Rabu, 12 Desember 2012

KORUPSI STRUKTURAL DI TANAH PAPUA BARAT

Dinamika performens Korupsi Struktural dari Aceh sampai Papua, adalah wajah pentas perwayangan yang setiap hari dipertontonkan oleh Para elit Bangsa ini, baik di Media Eletroknik maupun Cetak serta Radio, ditengah carut-marut penegakan Hukum yang tidak berkeadilan sosial, semua pihak mengklaim bahwa dirinya yang hebat, kuat, dan kebal hukum, karena keterlibatan aparat penegak hukum, politisi, birokrat , pengusaha dan juga para advokad yang membela dan menjamin kekebalan hukum bagi para koruptor dengan melegitimasikan UU dan Peraturan Pemerintah sebagai referensi hukum guna melemahkan semangat perlawanan dan pencegahan atas perbuatan melawan hukum sebagai bagian dari Politik Kekuasaan.

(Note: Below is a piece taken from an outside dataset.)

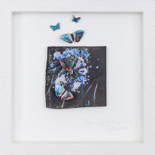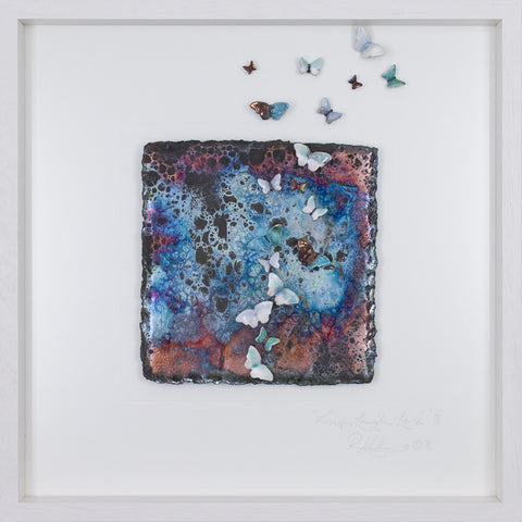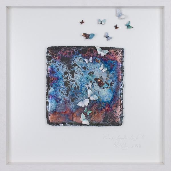 This piece has the most stunning array of multiple colours in it's oil slick metallics on a truly 'PURE' raku fired background! To me this is what raku is all about! Where the smoke penetrates the clay during the firing, to give these wonderful matt slate, greys and soft black finish! With all of it's colours this piece will very easily work with any colour scheme!

Korupsi menurut bahasa kita adalah suatu perbuatan tindak pidana kejahatan kemanusiaan luar biasa, ya cara untuk melawannya juga dengan cara yang luar biasa. Budaya Malu sudah tidak lagi mempan bagi para elit pelaku korupsi dengan bangganya mereka lalu merampok berjemaah atas nama kekuasaan politik bisnis. Perbuatan Korupsi sudah dianggap hal biasa bukan lagi luar biasa, sebab sangsi hukumnyapun hanya 1-3 tahun, apalah artinya hukuman sedemikian rendah dan merendahkan martabat manusia, karena hukum mudah diuangkan alias Kase Uang Habis Perkara (KUHAP). Ya kita semua tahu bahwa Bangsa Indonesia saat ini berada pada peringkat seratusan dalam hal indeks persepsi korupsi internasional, sementara untuk Asia Indonesia jagonya, maka tak heran ketika sensus BPS 2010 menunjukan Provinsi Termiskin di Indonesia adalah Papua Barat pertama dan kedua adalah Provinsi Papua. Hal ini tidak diimbangi dengan dana ABPN,APBDP,dan APBDK, serta Royalty Migas Bawah Tanah dan Juga Royalty Freeport dan lebih miris lagi Dana Otonomi Khusus yang sejak 2002-2010 sudah sekitar Rp. 28,8 Trilyun digelontorkan ke Papua dan Papua Barat ternyata Dana segedeh itu tidak mampu mengangkat taraf hidup orang asli papua dari kemiskinan menjadi mapan.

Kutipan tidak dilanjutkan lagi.